As of 31 March 2024, more than 2.40 million copies have been sold for the PlayStation 4, Xbox One, and Nintendo Switch, and as of 2020, 1.065 million copies of the Windows and PlayStation 3 versions, for a combined 3.365 million copies sold by June 2023. As of 30 June 2023, worldwide sales of the series reached 4 million copies.

===Legacy===
Ben Mattes, producer for the 2008 Prince of Persia video game, cited Ōkami, Ico, and Shadow of the Colossus as influences on the gameplay and artwork for the game. Capcom's Street Fighter IV is stated to have character designs influenced by Ōkami with hand-drawn images and brushstroke-like effects.

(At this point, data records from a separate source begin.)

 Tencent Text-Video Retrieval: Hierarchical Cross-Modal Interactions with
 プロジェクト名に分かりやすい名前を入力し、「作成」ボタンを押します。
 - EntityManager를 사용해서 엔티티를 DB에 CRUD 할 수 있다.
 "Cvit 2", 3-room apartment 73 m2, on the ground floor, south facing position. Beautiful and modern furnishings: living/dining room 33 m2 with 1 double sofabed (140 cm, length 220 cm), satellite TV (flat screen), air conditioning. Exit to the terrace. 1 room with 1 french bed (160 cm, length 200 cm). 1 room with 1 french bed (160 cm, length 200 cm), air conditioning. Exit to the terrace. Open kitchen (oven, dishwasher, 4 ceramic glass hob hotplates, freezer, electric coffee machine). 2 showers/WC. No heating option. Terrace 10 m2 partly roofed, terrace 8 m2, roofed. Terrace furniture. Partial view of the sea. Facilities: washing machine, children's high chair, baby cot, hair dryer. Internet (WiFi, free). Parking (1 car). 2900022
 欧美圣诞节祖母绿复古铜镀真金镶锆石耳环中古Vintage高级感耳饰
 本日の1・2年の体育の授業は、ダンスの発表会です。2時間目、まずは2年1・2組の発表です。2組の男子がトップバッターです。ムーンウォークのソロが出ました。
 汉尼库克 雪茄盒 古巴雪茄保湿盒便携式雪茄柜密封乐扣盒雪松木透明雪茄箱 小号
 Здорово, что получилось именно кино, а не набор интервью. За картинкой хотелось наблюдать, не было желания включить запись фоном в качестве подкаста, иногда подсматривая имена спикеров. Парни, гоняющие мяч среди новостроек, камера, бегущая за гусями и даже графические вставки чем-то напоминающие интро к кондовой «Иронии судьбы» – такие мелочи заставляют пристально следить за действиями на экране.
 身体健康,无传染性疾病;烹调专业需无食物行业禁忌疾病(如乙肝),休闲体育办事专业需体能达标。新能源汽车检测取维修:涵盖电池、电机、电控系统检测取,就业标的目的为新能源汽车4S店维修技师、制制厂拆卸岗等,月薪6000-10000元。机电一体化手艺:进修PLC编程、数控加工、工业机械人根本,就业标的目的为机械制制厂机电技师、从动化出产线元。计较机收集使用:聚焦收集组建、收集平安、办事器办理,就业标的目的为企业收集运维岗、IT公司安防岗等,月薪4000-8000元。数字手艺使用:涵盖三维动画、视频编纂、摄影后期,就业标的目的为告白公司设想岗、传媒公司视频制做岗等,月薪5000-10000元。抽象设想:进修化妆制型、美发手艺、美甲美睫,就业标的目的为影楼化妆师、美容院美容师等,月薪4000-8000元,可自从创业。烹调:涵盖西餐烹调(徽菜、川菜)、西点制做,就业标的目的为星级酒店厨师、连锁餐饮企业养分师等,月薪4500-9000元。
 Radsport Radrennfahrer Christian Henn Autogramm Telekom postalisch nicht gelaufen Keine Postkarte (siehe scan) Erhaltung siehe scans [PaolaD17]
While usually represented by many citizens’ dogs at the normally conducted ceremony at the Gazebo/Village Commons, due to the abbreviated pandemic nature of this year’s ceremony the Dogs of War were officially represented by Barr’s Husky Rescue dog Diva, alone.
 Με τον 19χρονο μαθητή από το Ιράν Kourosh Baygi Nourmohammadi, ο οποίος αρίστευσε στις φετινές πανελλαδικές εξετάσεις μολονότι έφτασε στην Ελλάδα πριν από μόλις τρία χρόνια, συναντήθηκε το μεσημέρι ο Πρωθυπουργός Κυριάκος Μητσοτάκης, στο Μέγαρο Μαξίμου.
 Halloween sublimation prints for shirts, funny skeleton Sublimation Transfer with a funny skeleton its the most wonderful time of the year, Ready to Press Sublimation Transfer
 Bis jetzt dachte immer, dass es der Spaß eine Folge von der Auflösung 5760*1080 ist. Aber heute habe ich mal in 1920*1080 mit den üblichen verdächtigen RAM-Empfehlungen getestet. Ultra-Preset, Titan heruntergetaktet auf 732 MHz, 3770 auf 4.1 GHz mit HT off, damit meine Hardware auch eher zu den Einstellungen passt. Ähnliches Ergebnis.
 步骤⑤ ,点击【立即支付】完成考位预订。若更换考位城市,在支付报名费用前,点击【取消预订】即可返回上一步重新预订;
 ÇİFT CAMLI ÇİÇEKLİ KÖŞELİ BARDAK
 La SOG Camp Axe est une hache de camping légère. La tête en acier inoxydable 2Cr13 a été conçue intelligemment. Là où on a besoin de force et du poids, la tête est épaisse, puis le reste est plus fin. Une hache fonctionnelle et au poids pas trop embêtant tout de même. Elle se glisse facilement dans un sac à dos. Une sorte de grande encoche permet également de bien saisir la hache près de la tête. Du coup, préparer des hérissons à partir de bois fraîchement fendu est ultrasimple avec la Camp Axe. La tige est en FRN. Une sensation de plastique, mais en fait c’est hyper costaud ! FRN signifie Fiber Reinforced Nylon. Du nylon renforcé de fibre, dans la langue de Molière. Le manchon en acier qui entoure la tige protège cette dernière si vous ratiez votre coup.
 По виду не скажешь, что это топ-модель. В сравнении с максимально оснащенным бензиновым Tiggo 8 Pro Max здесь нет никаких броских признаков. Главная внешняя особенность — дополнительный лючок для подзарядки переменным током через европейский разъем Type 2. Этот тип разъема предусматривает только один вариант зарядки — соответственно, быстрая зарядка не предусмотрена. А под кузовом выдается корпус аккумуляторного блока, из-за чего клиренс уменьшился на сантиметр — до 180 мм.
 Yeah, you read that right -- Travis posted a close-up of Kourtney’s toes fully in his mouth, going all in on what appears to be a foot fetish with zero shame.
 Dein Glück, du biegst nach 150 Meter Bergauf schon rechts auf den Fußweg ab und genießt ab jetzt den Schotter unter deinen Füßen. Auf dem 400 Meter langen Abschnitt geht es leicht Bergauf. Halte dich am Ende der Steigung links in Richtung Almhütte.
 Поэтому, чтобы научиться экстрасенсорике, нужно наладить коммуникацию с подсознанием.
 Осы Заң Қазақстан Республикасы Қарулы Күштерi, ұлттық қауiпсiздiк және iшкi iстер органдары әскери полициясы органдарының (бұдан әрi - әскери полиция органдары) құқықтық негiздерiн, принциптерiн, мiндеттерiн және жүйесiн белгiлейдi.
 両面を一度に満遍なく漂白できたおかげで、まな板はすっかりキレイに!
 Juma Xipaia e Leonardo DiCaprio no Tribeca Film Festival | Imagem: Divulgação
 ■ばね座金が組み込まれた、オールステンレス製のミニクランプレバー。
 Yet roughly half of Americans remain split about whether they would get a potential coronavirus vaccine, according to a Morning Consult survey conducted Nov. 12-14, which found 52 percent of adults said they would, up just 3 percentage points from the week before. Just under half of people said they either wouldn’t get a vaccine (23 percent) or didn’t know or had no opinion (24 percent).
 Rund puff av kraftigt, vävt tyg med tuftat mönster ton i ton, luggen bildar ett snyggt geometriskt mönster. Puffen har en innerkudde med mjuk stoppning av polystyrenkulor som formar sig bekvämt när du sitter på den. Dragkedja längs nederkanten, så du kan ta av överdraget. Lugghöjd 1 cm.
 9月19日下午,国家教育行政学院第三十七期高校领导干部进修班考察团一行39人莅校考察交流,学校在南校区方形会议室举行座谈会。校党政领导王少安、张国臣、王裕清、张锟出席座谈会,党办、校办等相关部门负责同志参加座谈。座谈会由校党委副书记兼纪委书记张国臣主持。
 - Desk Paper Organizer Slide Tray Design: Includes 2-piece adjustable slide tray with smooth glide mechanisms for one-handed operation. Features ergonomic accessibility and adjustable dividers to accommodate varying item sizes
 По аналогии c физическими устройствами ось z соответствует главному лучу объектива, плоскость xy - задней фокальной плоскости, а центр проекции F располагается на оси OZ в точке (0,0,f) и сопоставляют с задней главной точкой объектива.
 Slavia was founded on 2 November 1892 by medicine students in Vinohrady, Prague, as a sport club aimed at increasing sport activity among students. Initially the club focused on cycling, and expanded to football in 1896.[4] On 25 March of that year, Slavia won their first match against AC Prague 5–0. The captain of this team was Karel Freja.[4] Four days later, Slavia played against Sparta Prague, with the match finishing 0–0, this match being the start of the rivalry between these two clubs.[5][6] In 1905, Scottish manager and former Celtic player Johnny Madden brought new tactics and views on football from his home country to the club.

The Disney video game Epic Mickey uses similar drawing aspects as Ōkami, allowing the player to draw and modify parts of levels to proceed. The final boss, Yami, appears as the main antagonist and final boss in the crossover fighting game Tatsunoko vs. Capcom. Amaterasu appears as a playable character in Marvel vs. Capcom 3: Fate of Two Worlds, Ultimate Marvel vs. Capcom 3 and Teppen. After Clover's dissolution and most of its staff's subsequent reformation as PlatinumGames, one of their next games, Bayonetta, contains several references to Ōkami; the most notable of these is when Bayonetta transforms into a panther and, like Amaterasu, a trail of flowers and plant life follows her. For the 2010 San Diego Comic-Con, Capcom raffled a limited run of T-shirts designed by Gerald de Jesus and iam8bit that placed Amaterasu, Shiranui, and Chibiterasu (from Ōkamiden) into a homage to the Three Wolf Moon t-shirt.

In 2009, GamesRadar included Ōkami among the games "with untapped franchise potential", commenting: "Seriously, if Nintendo can make the same Zelda game every few years, then why can't Capcom release Ōkami 2?". In 2015, Amaterasu was featured in Archie Comics' Worlds Unite crossover between its Sonic the Hedgehog comic lines and Mega Man series. An Ōkami costume was included in Monster Hunter Generations. Capcom submitted and got approval to publish an Amaterasu "courier" for Dota 2 just prior to the December 2017 release of Ōkami HD on Steam, with players that had pre-ordered or purchased Ōkami HD within the release period receiving the courier for free.

Capcom ran a celebratory event for Okami for the 20th anniversary of its release during April 2026.